**ASSIGNMENT:**
I would like the line with "Our new rattan" and every line after it, down to the end of the entries below, output exactly and without pictures.

[Data extracted from a collection]
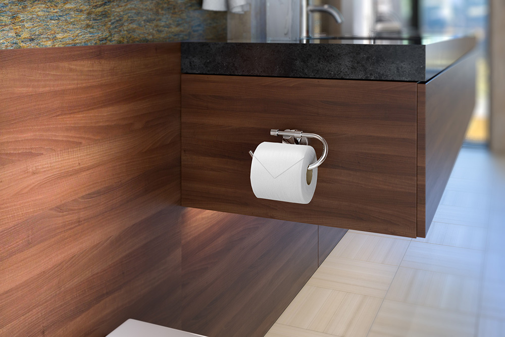 The contemporary design of the Symmons Sereno Collection presents interesting curves and unique stylings to create a minimalist palette that blends with a wide variety of bathroom spaces.
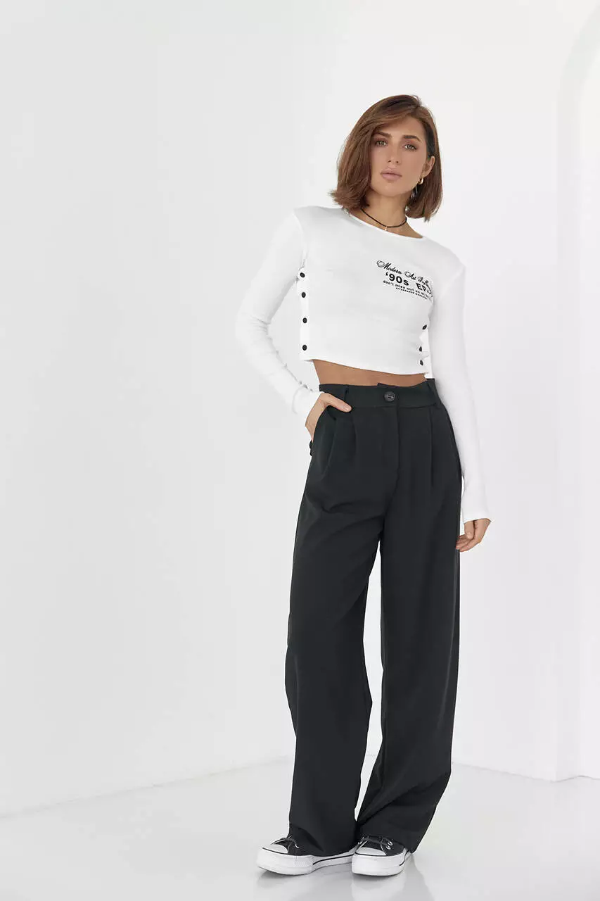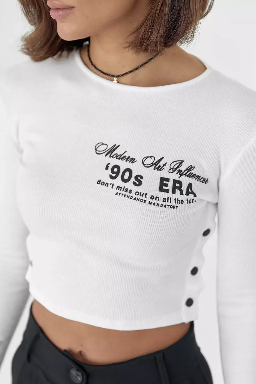 Круглая горловина обшита окантовкой и спереди, на груди, кофточка украшена буквенным принтом.
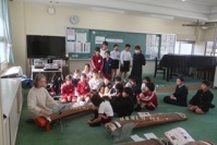 4〜6年生が音楽科の学習の一環として琴の体験をしました。 琴の先生をお招きし、弾き方を教えていただきました。 一音一音確かめながら、指につけた琴爪で弦をはじいて琴を鳴らしました。 簡単な曲の演奏にも挑戦しました。
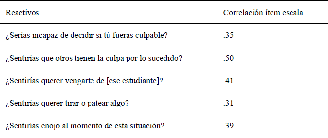 Como resultado del proceso de validación de contenido en la versión modificada se eliminaron tres de los escenarios originales propuestos por la autora, debido a la consistencia en las respuestas de los expertos con respecto a que eran poco representativos de la muestra de estudiantes con los que se realizaría el estudio. Por ejemplo, dentro de los escenarios eliminados se encontró el siguiente: Imagina que estás en la escuela y ves a un estudiante más joven y le quitas los dulces de las manos y el maestro ve lo que hiciste.
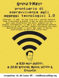 9 Marzo: Prontuario di sopravvivenza agli aggeggi tecnologici 1.0 @ Via del Leone (Firenze)
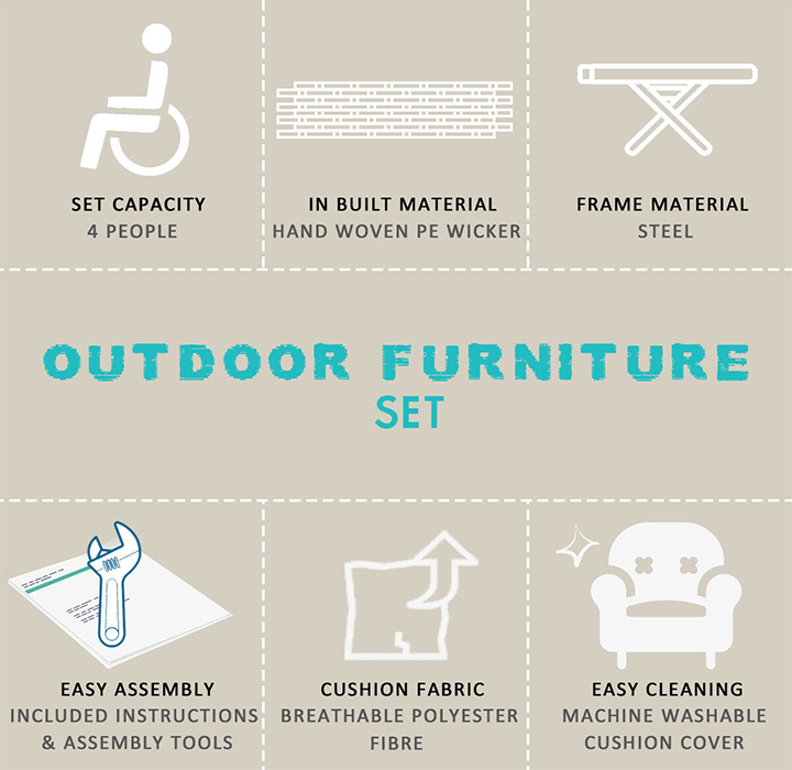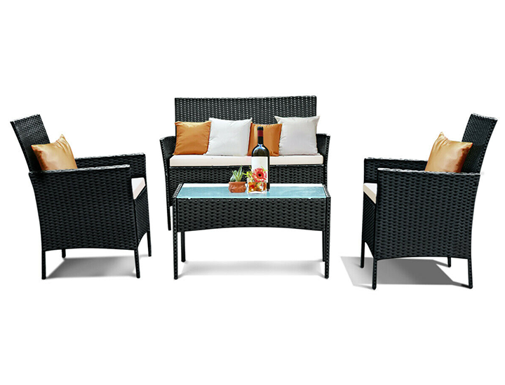 Our new rattan wicker furniture set includes 1 loveseat, 2 chairs and 1 coffee table with glass top. This furniture set will light your outdoor living space and make it standout for its modern and upscale design. Made of eco-friendly rattan material and sturdy steel frame, this furniture will serve its purpose for a long time. Matched seat cushions come with it to add comfort for the seat. Coffee table with a glass top, which will be level to hold your drinks.
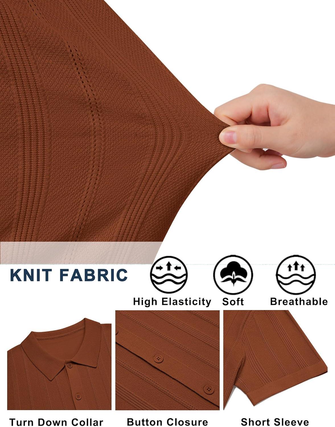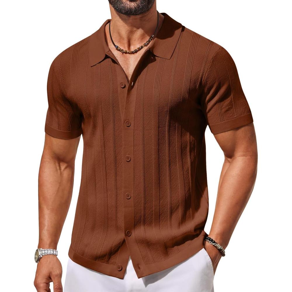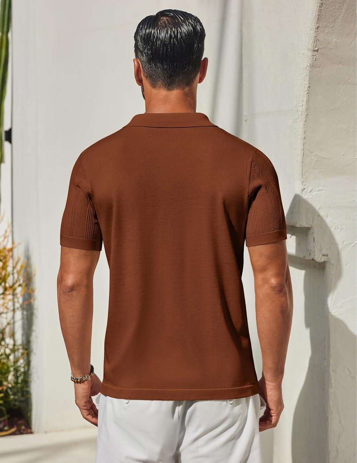 COOFANDY Men's Knit Button Down Shirts Short Sleeve Polo Shirt Casual Vacation Summer Beach Shirts(Light Brown)
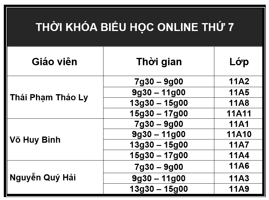 Lưu ý: Thời gian biểu của 5 lớp phụ đạo đối tượng 3 (HS chưa hoàn thành học tập Online)
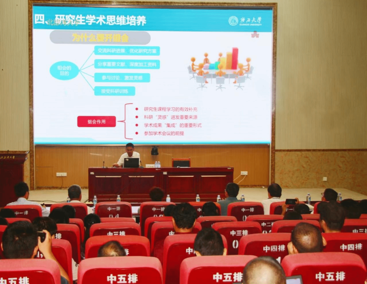 9月15日下午,广西大学机械工程学院副院长贺德强教授和我校发展规划处、研究生处处长刘琼在12号教学楼204报告厅为学校硕士生导师做了《新时期如何培养研究生的科研能力》《严把关、强管理、重培养 履行导师第一责任人职责》的主题报告,学校研究生处副处长潘宇晨主持了本次培训。
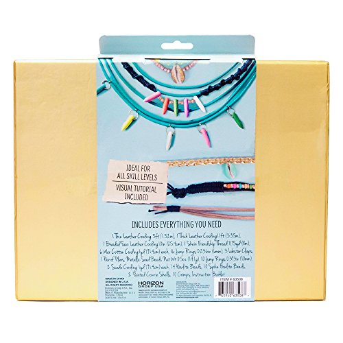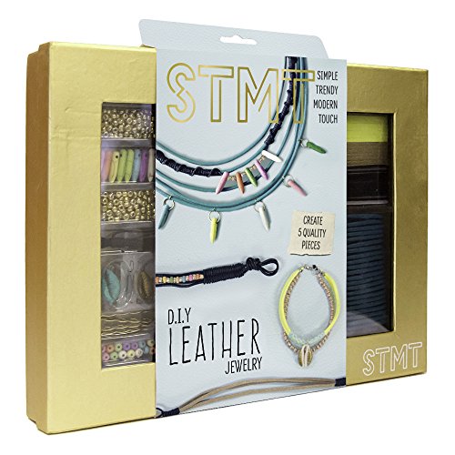 Explore various jewelry making techniques while creating trendy accessories with the STMT D.I.Y. Leather jewelry kit! weave, knot, and braid your way to an armful of leather bracelets or create a colorful statement necklace with spiked beads. The easy-to-follow instruction booklet includes 4 different jewelry designs to follow, but don't be afraid to get creative and come up with original designs! add a boho touch to your pieces by incorporating a Cowrie shell, or keep it classy and weave in some metallic seed beads. The STMT D.I.Y. Leather jewelry kit is ideal for the aspiring jewelry designer or lover of all things leather! kit includes: 5 ft. Thin leather cording – 11 ft. Thick leather cording – 10 in. Braided faux leather cord – 16 – 6 mm jump rings – 3 Lobster clasps (spelled wrong on packaging) – mini pliers – metallic seed beads – 10 – 10 mm jump rings – 2 – 1 Yd. Suede cords – 15 how lite beads – 10 spiked how lite beads – 2 painted Cowrie shells – 10 crimps – instruction booklet.Feature

**RESPONSE TO THIS EXERCISE:**
 Our new rattan wicker furniture set includes 1 loveseat, 2 chairs and 1 coffee table with glass top. This furniture set will light your outdoor living space and make it standout for its modern and upscale design. Made of eco-friendly rattan material and sturdy steel frame, this furniture will serve its purpose for a long time. Matched seat cushions come with it to add comfort for the seat. Coffee table with a glass top, which will be level to hold your drinks.
 COOFANDY Men's Knit Button Down Shirts Short Sleeve Polo Shirt Casual Vacation Summer Beach Shirts(Light Brown)
 Lưu ý: Thời gian biểu của 5 lớp phụ đạo đối tượng 3 (HS chưa hoàn thành học tập Online)
 9月15日下午,广西大学机械工程学院副院长贺德强教授和我校发展规划处、研究生处处长刘琼在12号教学楼204报告厅为学校硕士生导师做了《新时期如何培养研究生的科研能力》《严把关、强管理、重培养 履行导师第一责任人职责》的主题报告,学校研究生处副处长潘宇晨主持了本次培训。
 Explore various jewelry making techniques while creating trendy accessories with the STMT D.I.Y. Leather jewelry kit! weave, knot, and braid your way to an armful of leather bracelets or create a colorful statement necklace with spiked beads. The easy-to-follow instruction booklet includes 4 different jewelry designs to follow, but don't be afraid to get creative and come up with original designs! add a boho touch to your pieces by incorporating a Cowrie shell, or keep it classy and weave in some metallic seed beads. The STMT D.I.Y. Leather jewelry kit is ideal for the aspiring jewelry designer or lover of all things leather! kit includes: 5 ft. Thin leather cording – 11 ft. Thick leather cording – 10 in. Braided faux leather cord – 16 – 6 mm jump rings – 3 Lobster clasps (spelled wrong on packaging) – mini pliers – metallic seed beads – 10 – 10 mm jump rings – 2 – 1 Yd. Suede cords – 15 how lite beads – 10 spiked how lite beads – 2 painted Cowrie shells – 10 crimps – instruction booklet.Feature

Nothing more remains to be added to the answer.